Meta robots and X-Robots-Tag

Every page must have an explicit, correct indexing policy — either implicit (default index, follow) on public pages, or an explicit noindex / X-Robots-Tag on staging, admin, thin, or private content. Get this wrong and you either disappear from search or expose what you didn't mean to.

What it is

The robots meta tag and the equivalent X-Robots-Tag HTTP header tell search engines and other compliant crawlers whether they may index a page, follow its links, and how to render it in results. Together they are the per-page complement to robots.txt — robots.txt controls crawling, robots meta controls indexing.

<meta name="robots" content="index, follow">
<meta name="robots" content="noindex, nofollow">
<meta name="robots" content="noindex, max-image-preview:large">

X-Robots-Tag: noindex, nofollow
X-Robots-Tag: googlebot: noindex

The HTTP header form is the only way to control indexing for non-HTML resources — PDFs, images, JSON endpoints, downloads.

Why it matters

Every URL a search engine fetches has a policy, whether you set one or not. The default is index, follow — every fetched page becomes a candidate for the index, and every link is a discovery hop. That is right for your homepage and your articles; it is wrong for:

Staging and preview environments. Forgetting noindex on a staging.example.com is a top-five SEO mistake. Once Google indexes a staging URL, it competes with production.
Internal search results, filtered listings, faceted-search permutations. Infinite combinations of low-value pages dilute the site's crawl budget.
Thin, duplicate, or transactional pages. Thank-you pages, cart pages, password-reset pages, account screens.
Pages waiting for content. Empty category pages, "coming soon" pages.
Sensitive resources. Print-only versions, internal exports, machine-readable feeds you don't want surfacing as snippets.
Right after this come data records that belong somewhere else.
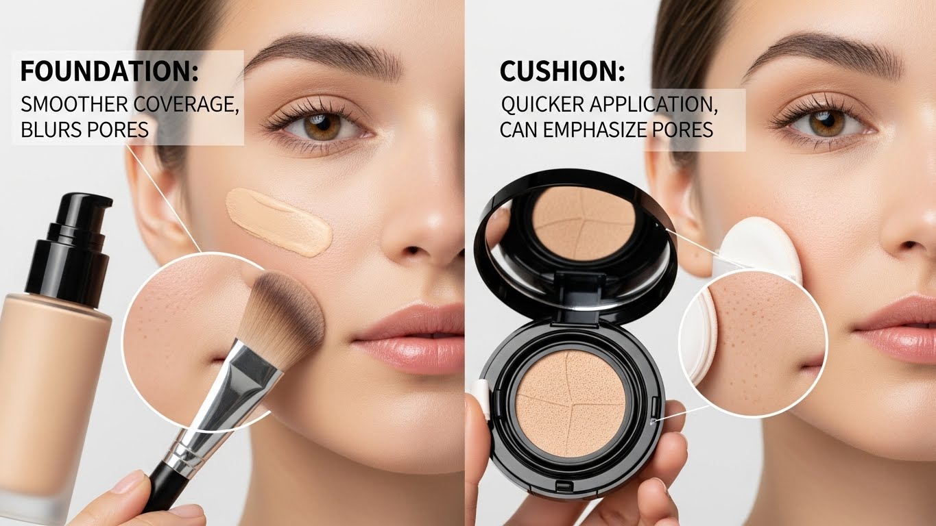 A. 제품 타입보다는 입자 크기와 질감이 더 중요합니다. 쿠션도 커버력이 높으면 모공에 쌓일 수 있어요.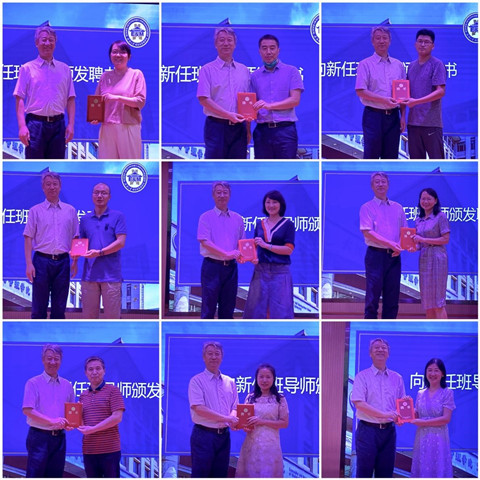 随后,杜晓成书记为2021年新聘班级导师逐一颁发聘书,并合影留念。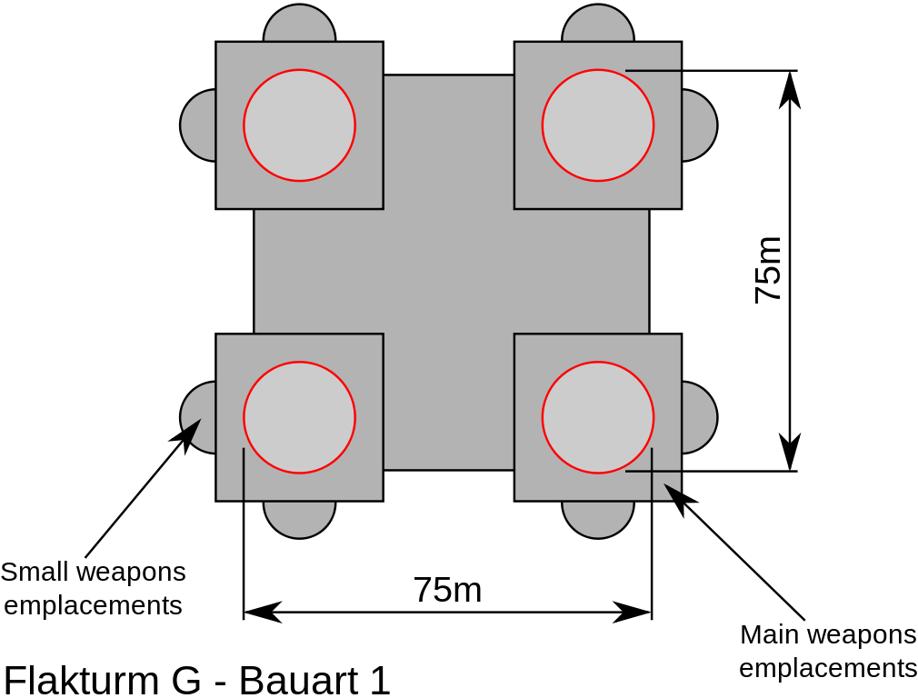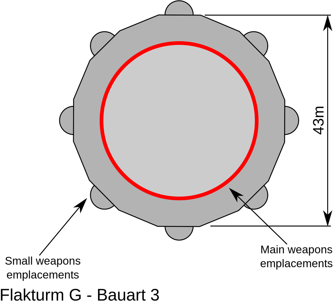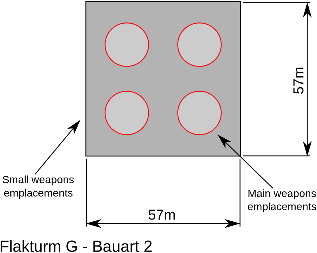 Каждый из зенитных комплексов представлял собой два расположенных рядом, на удалении в 300—500 метров друг от друга, сооружения из монолитного железобетона: боевая башня (G-Turm) и башня управления (L-Turm). Квадратная боевая башня высотой в 39 метров и со стороной 75 метров представляла собой, по сути, Hochbunker — наземный бункер с толщиной стен в 2—2,5 метра и крыши в 3,5 метра. Это был не просто доведенный до абсолюта пост ПВО, а целый многофункциональный комплекс. На шести его этажах располагались укрытия для гражданских лиц (на 8 тыс. человек, хотя по факту туда набивалось гораздо больше жителей города), госпиталь с операционными, помещения для хранения музейных ценностей и размещения гарнизона, склады для боеприпасов. Все это было оборудовано автономными системами водо- и энергоснабжения, комплектовалось подъемниками для снарядов и лифтами. На крыше (боевой платформе) размещались четыре 105-миллиметровые зенитные пушки (впоследствии их заменили на 128-миллиметровые версии), а вдоль пятого (верхнего) этажа находилась нижняя боевая платформа, где располагались 20-миллиметровые зенитки, предназначенные для ближней обороны башни.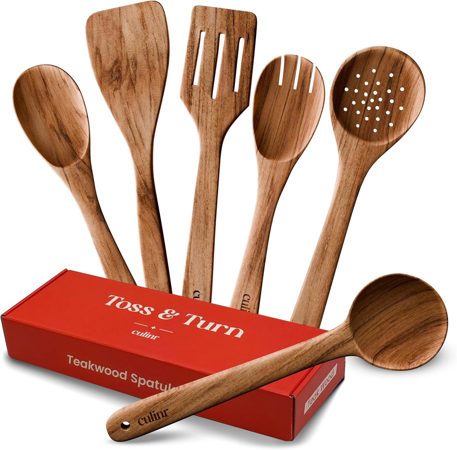 This comprehensive kitchen set includes 1x Mixing Spoon, 1x Salad Fork, 1x Serving Spoon, 1x Wooden Skimmer, 1x Slotted Spatula, and 1x Large Frying Spatula, making it an ideal addition to any kitchen.

Public pages are required to be indexable; non-public pages are required to be non-indexable. Either way, the policy must be explicit and correct.

How to implement

Add the meta tag in <head> for every HTML page that needs a non-default policy:

<meta name="robots" content="noindex, follow">

follow keeps link equity flowing to the destinations even when the host page is not indexed. Pair it with noindex for staging, internal search, faceted listings.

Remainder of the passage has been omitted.